Matthew | 34 comments In the book Bad Boy, by Walter Dean Myers, I wouldn't change anything in the book. I think that Walter does a great job of explaining his life and all of the bad and good times he's been through. In the book Walter is a troubled kid who likes to read and write but gets into lots of fights. One thing that Walter explains well is when his uncle Lee died. In this part of the book Walter has never been to a funeral and sees people sad. "I had never seen adults crying before, their faces distorted and strained with emotion, their hurt pushing them awkwardly from cars to the graveside and back, and then back to the Bronx, where they sat around the table,thinking what might have been if uncle Lee had only had a few more years." This shows that Walters writing is excellent and I wouldn't want to change a thing


message 12: by Manny (new)

Manny Nunez | 5 comments If I were to change one aspect of my book the it would be the character improvements. For example i feel that i dont know alot about my character to move on through the rest of the book succesfully.
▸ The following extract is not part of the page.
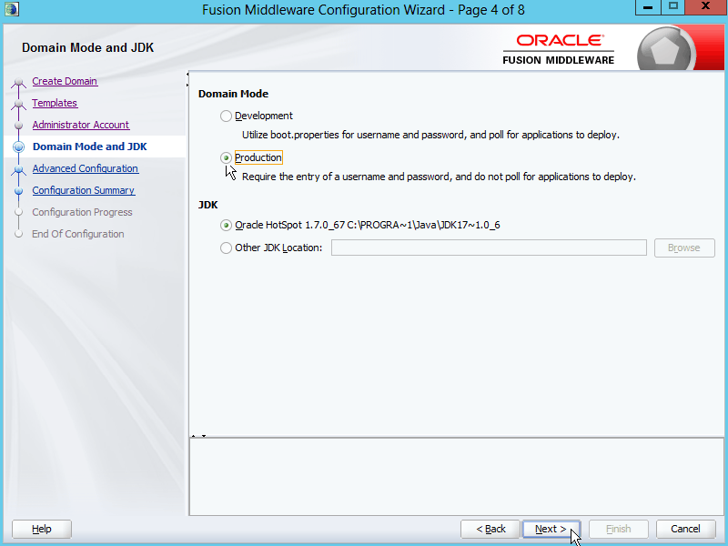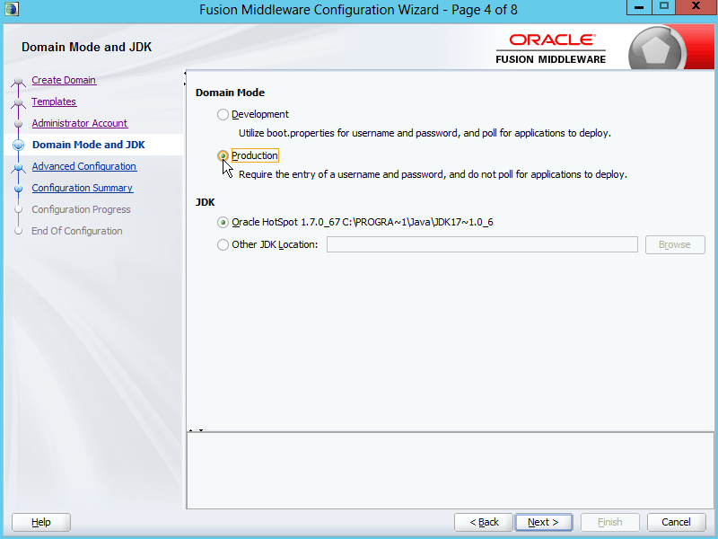 Fig. 023 For Domain Mode, select Production. For JDK, it will default to the java used to launch this installer, select as required. Must be JDK instead of JRE

This shows one of the strugles that some can come across while reading this book such as I have. Another example is that I have gotten lost by to characters that have very similare names all because the auther did not give enuff backroud information for us to easily understand each of those characters.


message 13: by Jack (new)

Jack Brill | 41 comments If I could change one thing In my book "Always Running" by Luis J. Rodriguez is I would make the book less predictible because it was very easy to tell what was going to happen next and the way I would change that is by making the book unpredictable so the reader will not be able to know what is going to happen next in the book.
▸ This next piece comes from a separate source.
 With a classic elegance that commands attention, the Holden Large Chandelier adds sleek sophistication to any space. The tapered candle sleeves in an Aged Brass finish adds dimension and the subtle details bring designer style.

message 14: by Jevel (last edited May 14, 2013 06:27PM) (new)

Jevel Gilbert | 18 comments In the fiction noval called Catching Fire by suzanne collins, I would change the character development because they make the characters so natural and confusing. I would make the characters different than the other ones and I also change there personality. For example,"At some point, you have to stop running and turn around and face whoever wants you dead.The hard thing is finding the courage to do it". This shows that I should change how they feel. I also change the setting of how the captiol feels about the districts because they had made it to hurtfeel and mean.


message 15: by Kailey (new)

Kailey | 23 comments In the story "Second Snapshot", I would change on how a plot in the book happens but then isn't solved for more than 10 chapters. The way I would change my book is have the plot figured out within 5 to 8 chapters." Don't worry. We will figure this out together; I won't let anything hurt you." This her boyfriend thought was her druggie uncle messing around with her. Yet, still reading the story, almost finished they have not figured out who has done this to them.


message 16: by Seige (new)

Seige | 17 comments If i had the chance to change something in my book it would be the conflict between Steve and Cruz. The conflict between them is understandable but they dont really say anything to each other. throughout the book they just throw indirects to each other and they only spoke to the judge. but you can feel that energy between them. Also i would change the details in Mr:Zinzi's part of the story. They only give a quick summary about him and it seems like he had a big part in the book.